La Vuelta de Obligado quedó grabada en la historia como un símbolo de dignidad y autodeterminación. En palabras de Scalabrini Ortiz, Rosas “puso límites al imperio cuando todos los demás se inclinaban”. Su figura, sin embargo, fue rápidamente demonizada por la historia oficial escrita por los vencedores de Caseros, quienes lo acusaron de tirano, bárbaro y enemigo del progreso. Detrás de esta campaña de desprestigio se encontraba no solo el odio de la oligarquía porteña, sino también el interés de borrar el antecedente de un proyecto nacional autónomo que había desafiado con éxito al poder imperial.
El exilio de Rosas en 1852 y la posterior restauración del orden liberal, encabezada por Mitre y Sarmiento, significaron el regreso del país al modelo agroexportador dependiente, centrado en Buenos Aires y funcional a los intereses británicos. Pero la memoria de Rosas como precursor de una Argentina soberana y federal sobreviviría en las capas profundas del pueblo, y reaparecería con fuerza en el siglo XX, encarnada en otro liderazgo popular, el de Juan Domingo Perón.
El siglo XX y la continuidad del modelo dependiente hasta la irrupción del peronismo (1852–1945)
La caída de Rosas en 1852 marcó el inicio de una etapa de restauración liberal y dependiente en la historia argentina. El país fue reorganizado bajo un modelo agroexportador subordinado a los intereses del Imperio Británico, con el puerto de Buenos Aires como centro privilegiado de una economía extractiva orientada a la exportación de materias primas e importación de productos manufacturados. Este esquema consolidó una estructura de poder oligárquico, basada en la gran propiedad terrateniente, el control del comercio exterior y una cultura profundamente extranjerizante.
Los principales ideólogos del régimen —Mitre, Sarmiento, Alberdi— construyeron un discurso que legitimaba esta dependencia bajo la máscara del “progreso”, la “civilización” y la modernización. Sin embargo, ese progreso era profundamente desigual y se sostenía en la exclusión de las mayorías populares, la marginación del interior del país, y la subordinación al capital extranjero, especialmente británico.
Durante esta etapa, Gran Bretaña logró controlar sectores clave de la economía nacional:
• Los
ferrocarriles,
orientados a llevar la producción agraria al puerto, no a integrar el
territorio.
• Los bancos y el sistema
financiero, que respondían a intereses externos.
•
Los servicios
públicos urbanos, como la electricidad, el agua, el gas y los teléfonos.
•
El
comercio exterior, con el predominio del capital británico en las exportaciones e importaciones.

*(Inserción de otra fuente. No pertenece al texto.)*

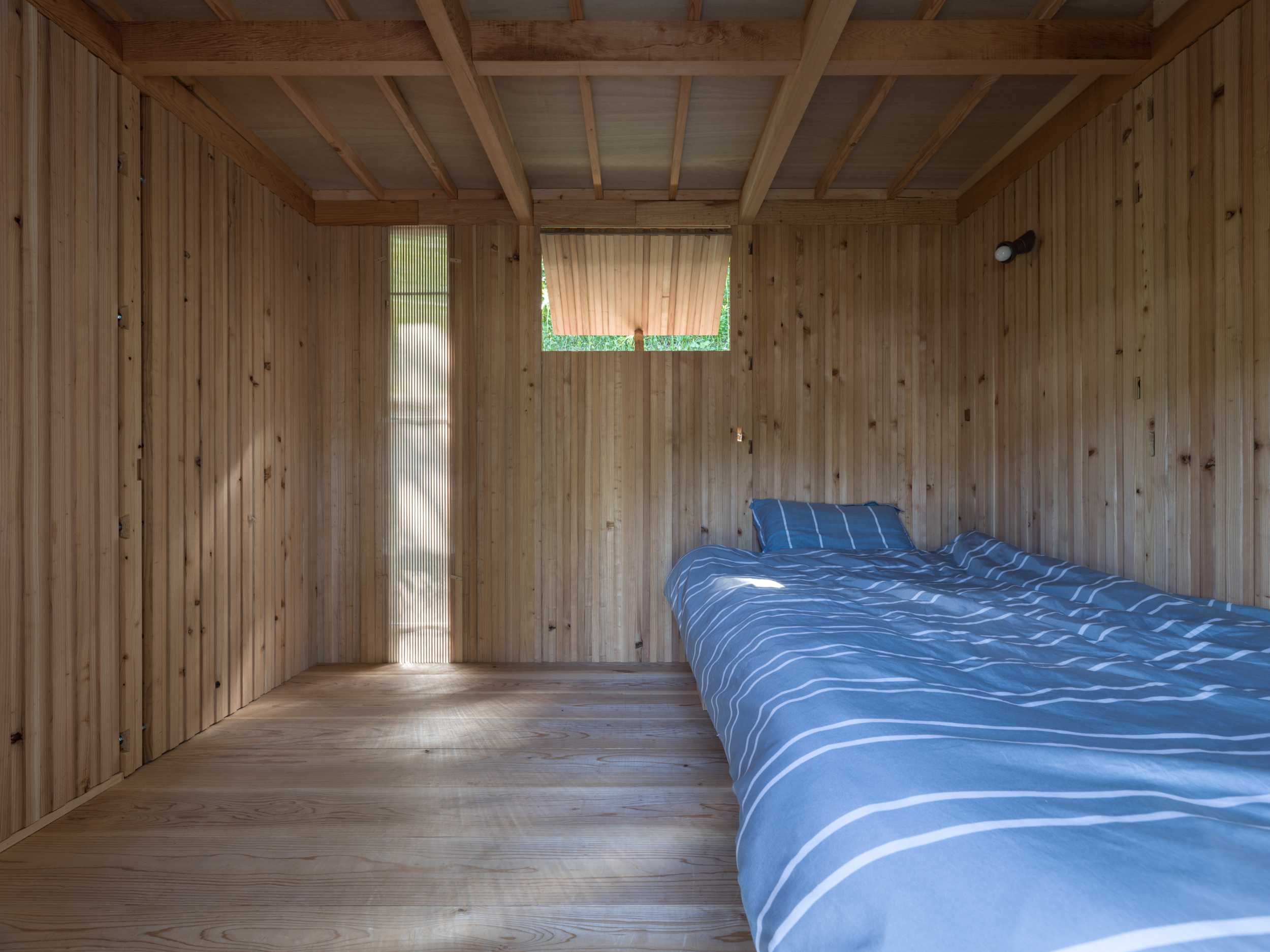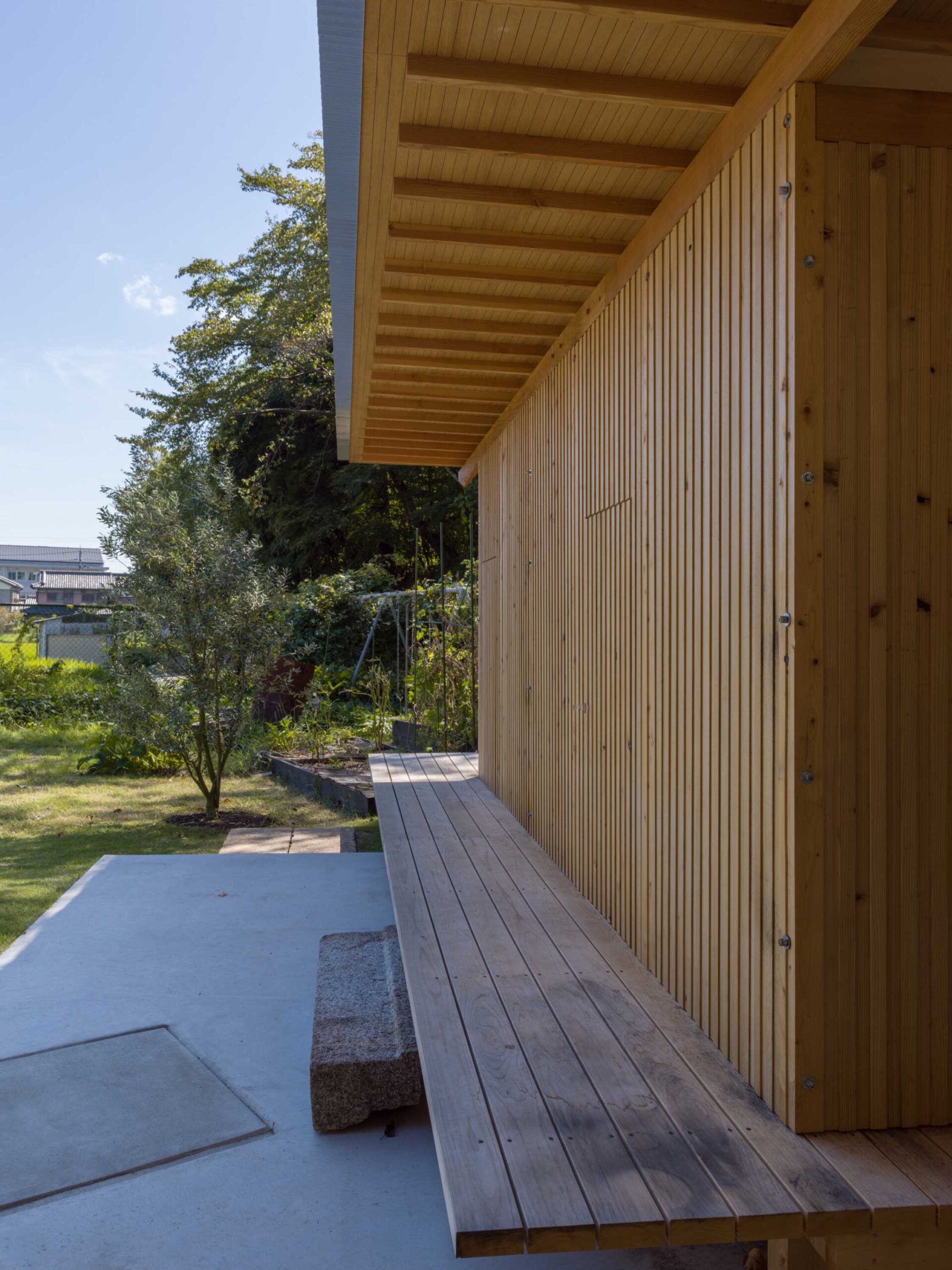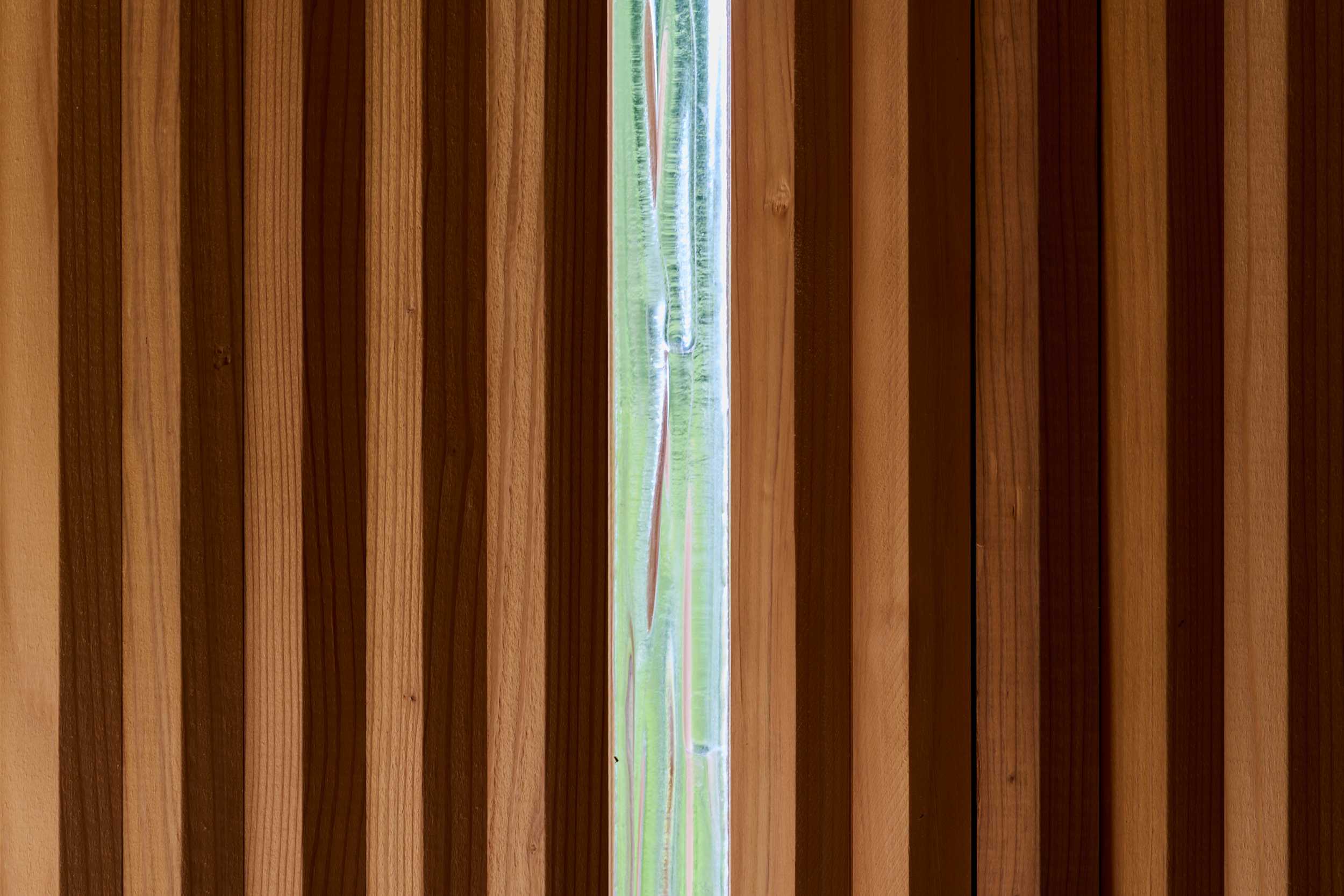基本的には30ミリ厚の杉板を短冊状にカットしたものを横積層してパネル状にして現場で組み立いきました。すべてがその30ミリのモジュールから発生した寸法になってます。
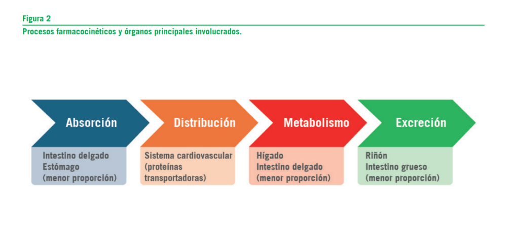 En la figura 2 se muestran losprocesos farmacocinéticos de manera secuencial.
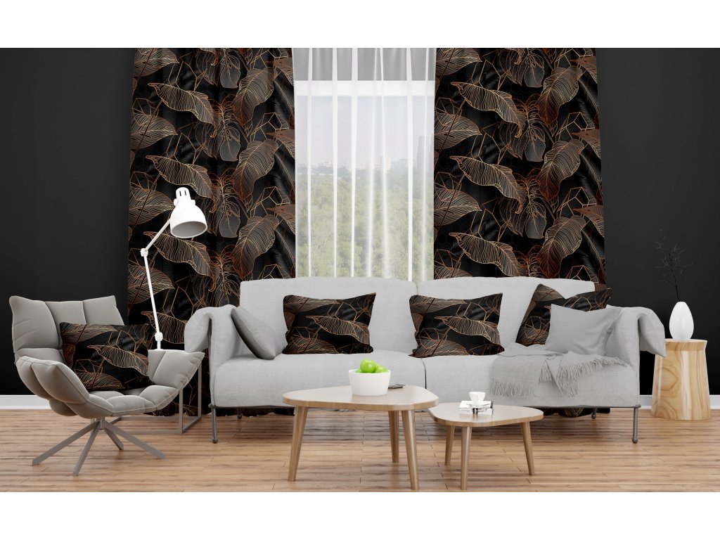 Zatemňovací záves s medeným listovým vzorom na čiernom pozadí
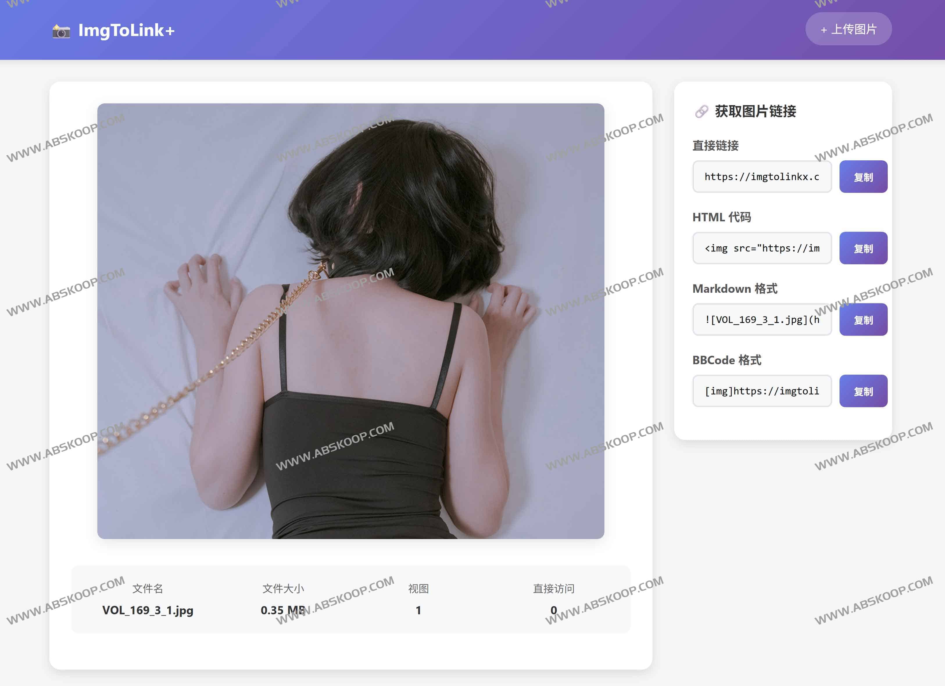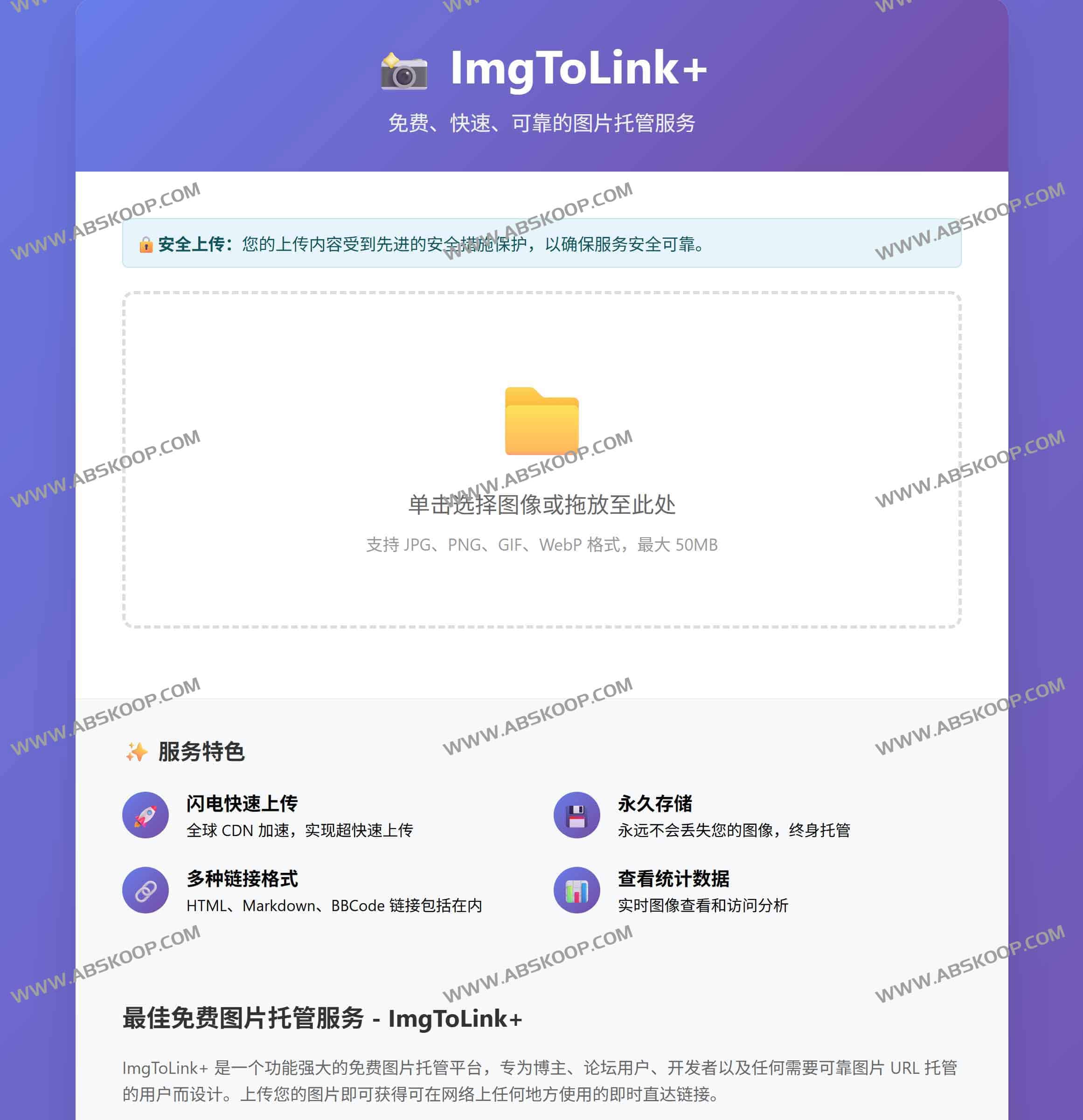 ImgToLink+是一款免费图床与直链生成器,提供免费、快速、安全的图片托管与外链服务,支持 JPG、PNG、GIF、WebP 等格式,支持单文件最高 50MB,上传后可立即获取直链与多种嵌入代码,包括 HTML、Markdown、BBCode,适配博客、论坛、社交平台与开发场景,服务承诺永久存储与全球 CDN 加速,带来快速、稳定的加载体验。
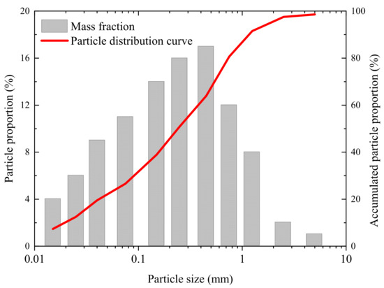 The coal gangue utilized in this investigation was obtained from a coal mine located in Jixi, Shaanxi Province, displaying a continuous and uniform particle grading (Figure 1). After crushing and sieving, the grain size distribution curve of the gangue was determined, as illustrated in Figure 1. Particles within the diameter range of 0.02–2 mm were chosen as the backfill aggregate. Experimental results indicate that the dry density of the material is 2.37 g/cm3. According to the X-ray diffraction (XRD) experiments, the main minerals of coal gangue in the study area are quartz, illite, and mica, followed by kaolinite, siderite, and dolomite. The mineral composition analysis was conducted to ascertain the chemical constituents of the gangue, revealing the presence of SiO2 (56.7%), Al2O3 (37.6%), CaO (2.1%), Fe2O3 (2.3%), and miscellaneous compounds (1.3%).
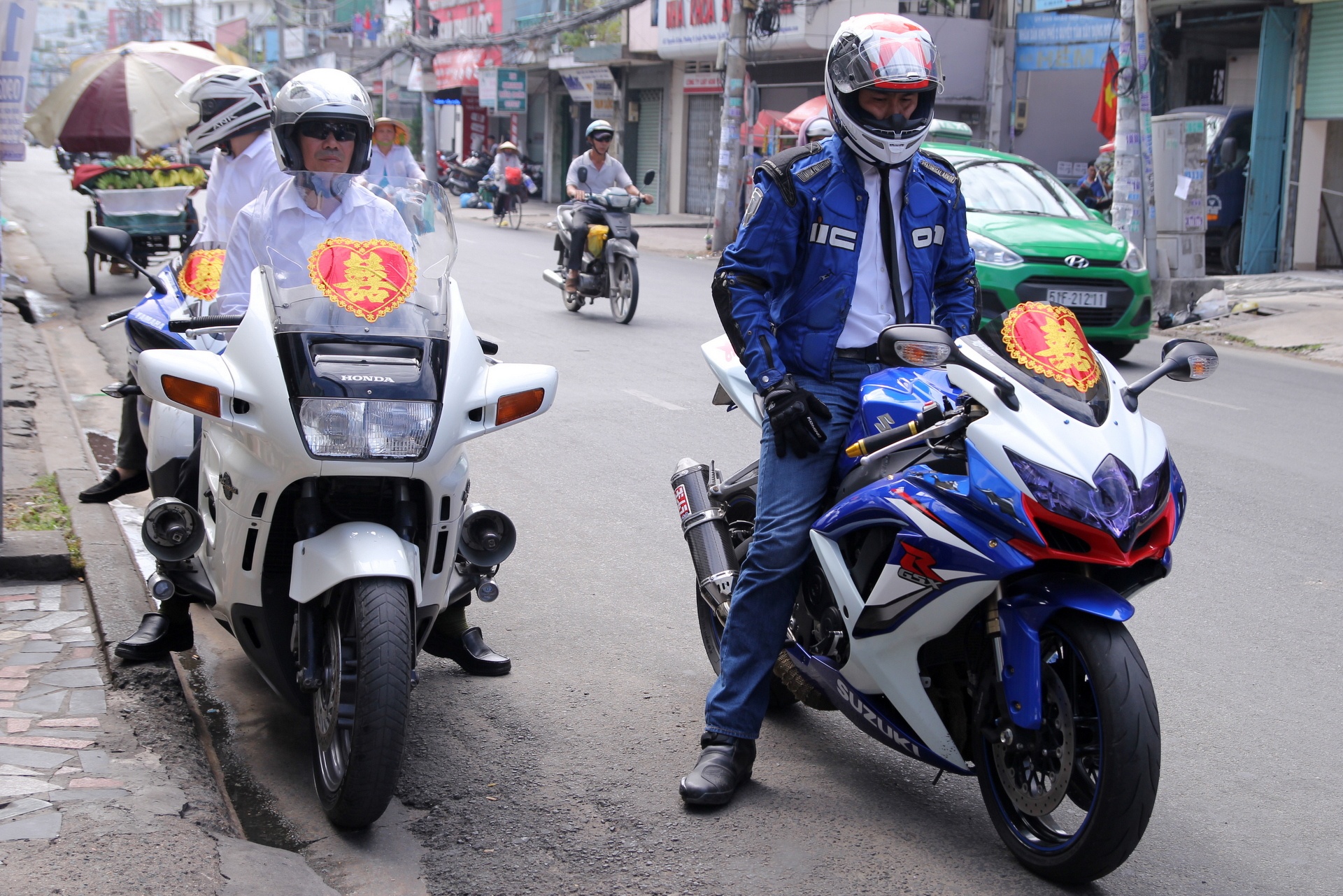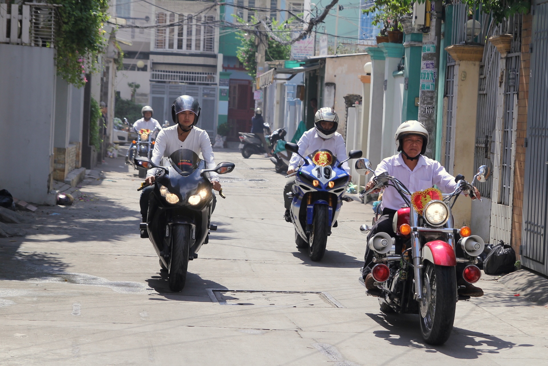 | Đoàn rước dâu gồm gần 20 chiếc môtô đủ chủng loại. Cả cô dâu và chú rể đều là những người đam mê môtô nên trong ngày trọng đại có nhiều bạn bè trong nhóm tới tham gia. |

El pacto Roca-Runciman de 1933 fue la máxima expresión de esta dependencia. En plena crisis mundial, la Argentina aceptó condiciones humillantes para mantener el acceso a los mercados británicos, asegurando privilegios para las empresas inglesas a cambio de una participación limitada en las exportaciones de carne.
De hecho, Julio Argentino Pascual Roca, hijo del “Zorro”, llegó a decir sin disimulo: “La Argentina es prácticamente una colonia británica”. La élite dirigente, en lugar de rebelarse, profundizó su sometimiento.
Este modelo excluía sistemáticamente al pueblo trabajador, que empezaba a organizarse en sindicatos y movimientos sociales. Pero hacía falta una síntesis política capaz de disputar el sentido común dominante, reorganizar el Estado, y enfrentar de forma directa el poder del capital extranjero y sus aliados locales.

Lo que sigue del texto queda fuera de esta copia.